Учебные годы старого барчука — страница 64 из 72

В медленном раздумье, пронизывая нас издали угрюмыми глазами, приближался к нам директор, сопровождаемый целым сонмом синих вицмундиров учителей и надзирателей. Инспектор вошёл после всех. За ним шли с серьёзным и сосредоточенным видом, неуклюже ступая на кончики кованых сапог, обычные экзекуторы гимназии Долбега, Исаич и другие наши солдаты. Под мышкой у Долбеги виднелся объёмистый пук гибких и длинных красноватых лоз. Солдаты почтительно столпились у дверей, не переступая порога. Мой встревоженный глаз, бегло покосившийся на них, с ужасом увидел, что за передними стоят ещё задние, за задними ещё другие, так что всех и перечесть было нельзя. Сердце замирало от безнадёжного чувства.

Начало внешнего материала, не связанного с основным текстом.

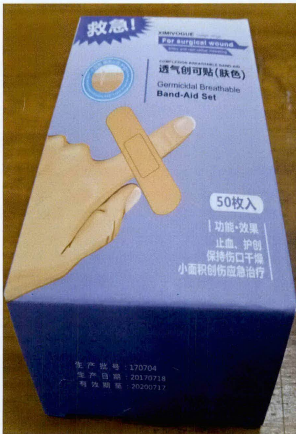
Figure 1. Unregistered Ximivogue Germicidal Breathable Band-Aid Set

The Food and Drug Administration (FDA) warns the general public and all healthcare professionals against the purchase and use of the unregistered medical devices: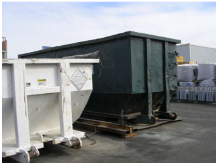
Roll-off bins staged in the outdoor storage yard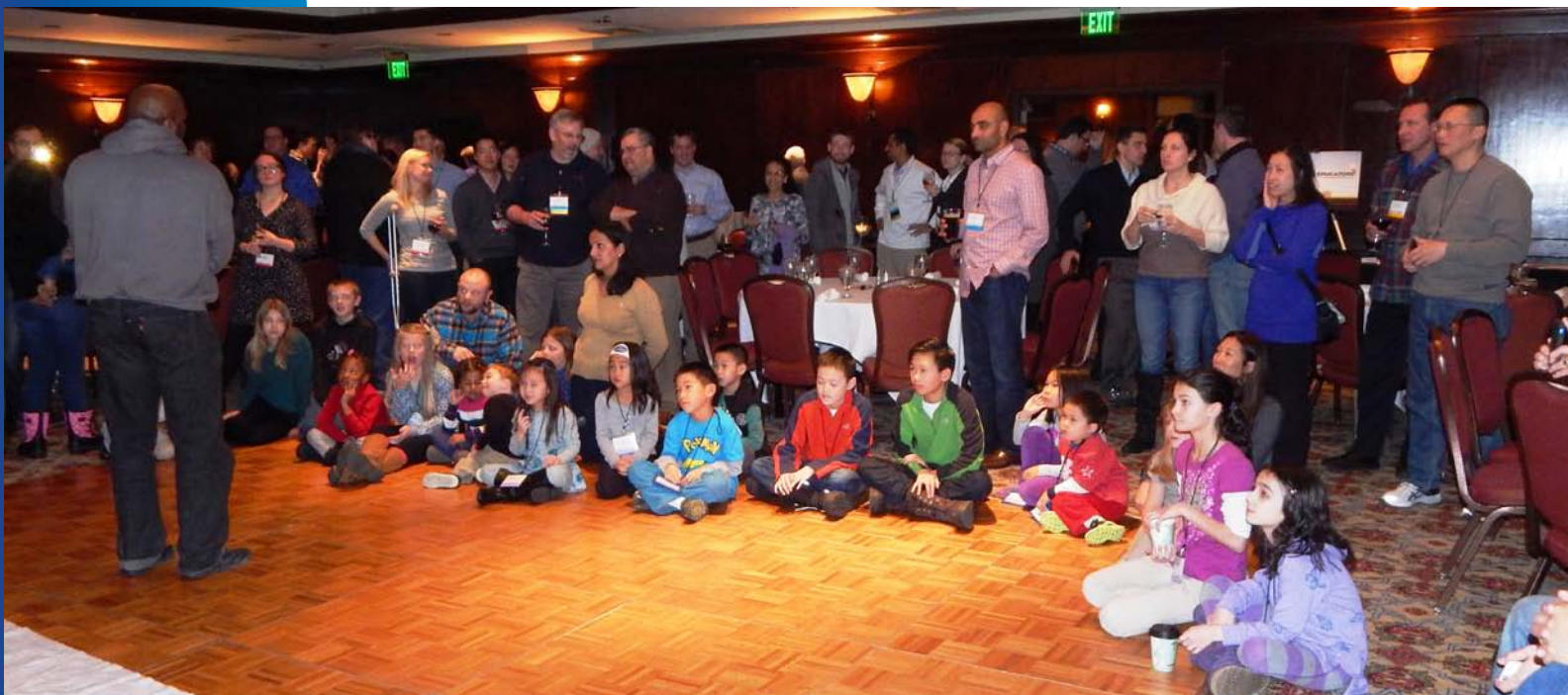
Rapt attention to the bird show by kids and adults alike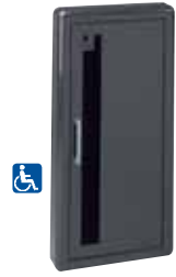
ACADEMY 1027V10 (DK BRONZE OPTION)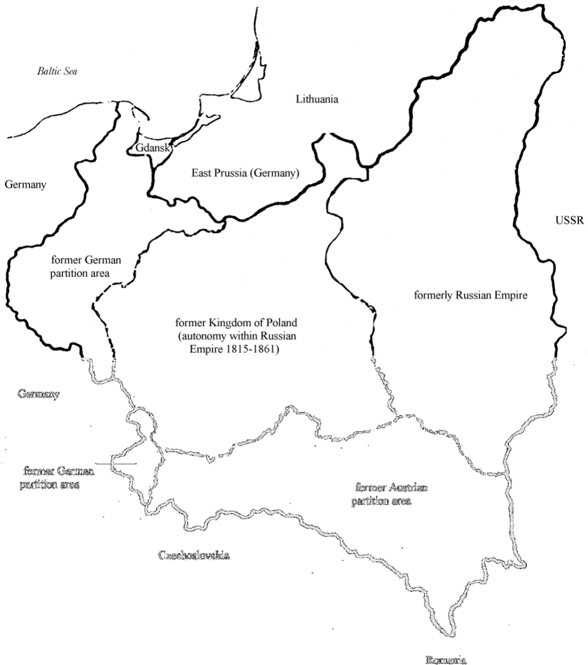
Map 1: Poland as in 1921 and the former partition borders

Based on Rocznik Statystyczny 1928, Warsaw (1929).

— Господи, что же мы будем делать? Пересекут нас всех, рабов Божиих!

К несчастью нашему, я и Алёша были самые маленькие из всего класса, и сидели первыми с краю передней скамьи.

— Дети, ступайте все в коридор, стройтесь, чтобы идти в церковь. Сейчас часы начнутся. А ты, Артёмов, останься здесь, — громко и повелительно сказал директор. Мы стояли, как окаменелые, и не двигались. — Слышите, что вам приказано? Ступайте все в церковь! — сердито прикрикнул директор. Никто не сходил с места, хотя все были охвачены невыразимым страхом. — Это ещё что за выдумки? — всё больше горячился Румшевич. — Заговоры тут сочиняете? Бунты? Вон все из класса, говорят вам! Слышите вы? Кто не выйдет сейчас из класса, все будут нынче же исключены из гимназии! — Мы продолжали стоять, боясь пошевелиться, в бесконечном смущении опустив вниз глаза. — Оглохли вы, что ли? Вам я это говорю или нет? — гремел, как труба, разъярённый голос директора. — Квицинский, Толстогрудов! Марш сейчас отсюда в церковь! Шараповы! Вон из класса!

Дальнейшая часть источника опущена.